Collected data entries
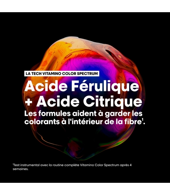 Le résultat sur les 5 dimensions de la couleur** : 1. Brillance : une brillance ultra intense. 2. Saturation : une couleur riche et vibrante. 3. Contraste : une profondeur optimale entre les différentes nuances. 4. Ton : les reflets indésirables sont neutralisés. 5. Luminosité : le niveau de clarté ou d'obscurité est bien préservé. La formule du shampoing présente une texture crémeuse luxueuse qui se transforme en une mousse dense une fois appliquée. Il nettoie la fibre en profondeur pour des cheveux instantanément nourris et plus forts. Les cheveux sont instantanément nourris et +96% plus forts.*** *Test instrumental après utilisation de la routine Vitamino Color Spectrum. **Test instrumental avec la routine complète Vitamino Color Spectrum après 4 semaines. ***Test instrumental après application du Shampoing Vitamino Color Spectrum. Conserve la couleur vive du jour 1 jusqu'à 100 jours.*
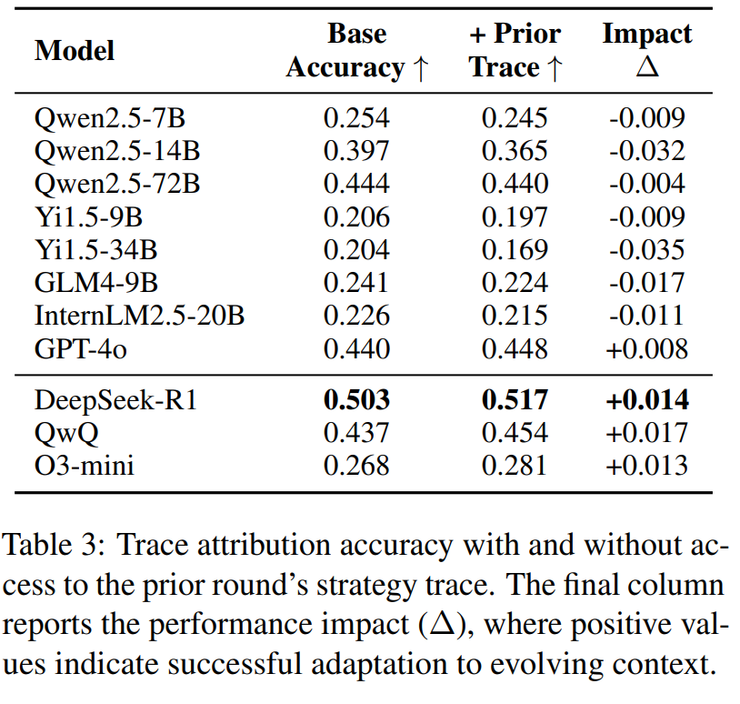最终的结果却有点出人意料,大多数模型非但没能借助前一轮信息,反而在上下文越多时表现越差,说明它们并不会真正的动态推理,而是把每个回合都当作孤立问题。但 DeepSeek-R1 是为数不多的例外,准确率从 0.503 提升到 0.517,哪怕进步有限,也证明它确实在利用历史信息。反观 GPT-4o,成绩几乎停滞,仅从 0.440 微升到 0.448,几乎没有适应性可言。
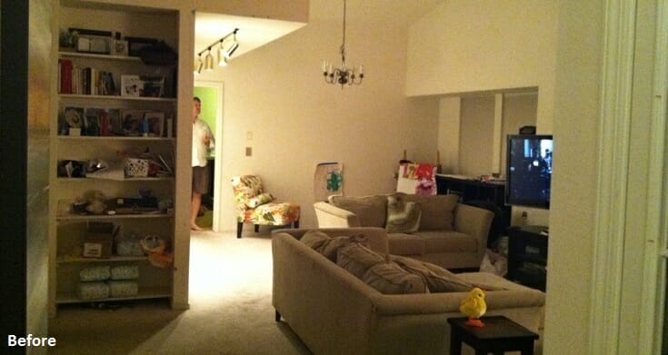 She wanted to create a good flow in her space. It’s a room where her husband watches TV, her kids build forts, and where she sneaks in a little bit of personal time on her laptop. We wanted this room to have multi-functional aspects to it, but yet not feel like three different spaces. So what did the transformation look like? What were the top tricks and tips?
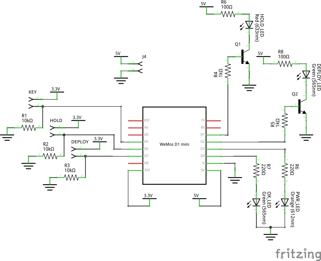 The ESP will only provide 20mA per pin, so make sure you calculate your resistor values appropriately to not overcook it. The oversized automotive push-buttons I used for the hold and deploy buttons needed > 5v, so had to be controlled via a couple of small NPN transistors.
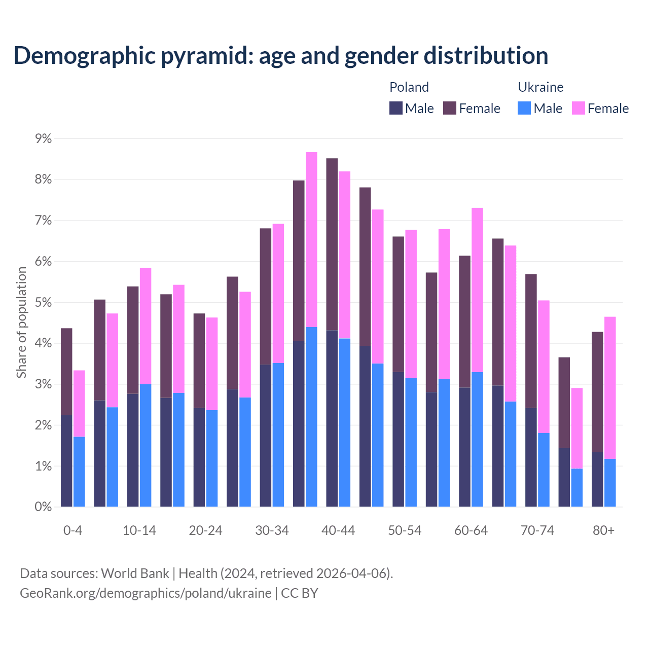 - As of 2026, the population of Poland is 35.8M vs 40.1M in Ukraine.

• _Task to complete_
Pictures are to be dropped, and the remaining data set down exactly.

• _Solution for this problem_
 Le résultat sur les 5 dimensions de la couleur** : 1. Brillance : une brillance ultra intense. 2. Saturation : une couleur riche et vibrante. 3. Contraste : une profondeur optimale entre les différentes nuances. 4. Ton : les reflets indésirables sont neutralisés. 5. Luminosité : le niveau de clarté ou d'obscurité est bien préservé. La formule du shampoing présente une texture crémeuse luxueuse qui se transforme en une mousse dense une fois appliquée. Il nettoie la fibre en profondeur pour des cheveux instantanément nourris et plus forts. Les cheveux sont instantanément nourris et +96% plus forts.*** *Test instrumental après utilisation de la routine Vitamino Color Spectrum. **Test instrumental avec la routine complète Vitamino Color Spectrum après 4 semaines. ***Test instrumental après application du Shampoing Vitamino Color Spectrum. Conserve la couleur vive du jour 1 jusqu'à 100 jours.*
最终的结果却有点出人意料,大多数模型非但没能借助前一轮信息,反而在上下文越多时表现越差,说明它们并不会真正的动态推理,而是把每个回合都当作孤立问题。但 DeepSeek-R1 是为数不多的例外,准确率从 0.503 提升到 0.517,哪怕进步有限,也证明它确实在利用历史信息。反观 GPT-4o,成绩几乎停滞,仅从 0.440 微升到 0.448,几乎没有适应性可言。
 She wanted to create a good flow in her space. It’s a room where her husband watches TV, her kids build forts, and where she sneaks in a little bit of personal time on her laptop. We wanted this room to have multi-functional aspects to it, but yet not feel like three different spaces. So what did the transformation look like? What were the top tricks and tips?
 The ESP will only provide 20mA per pin, so make sure you calculate your resistor values appropriately to not overcook it. The oversized automotive push-buttons I used for the hold and deploy buttons needed > 5v, so had to be controlled via a couple of small NPN transistors.
 - As of 2026, the population of Poland is 35.8M vs 40.1M in Ukraine.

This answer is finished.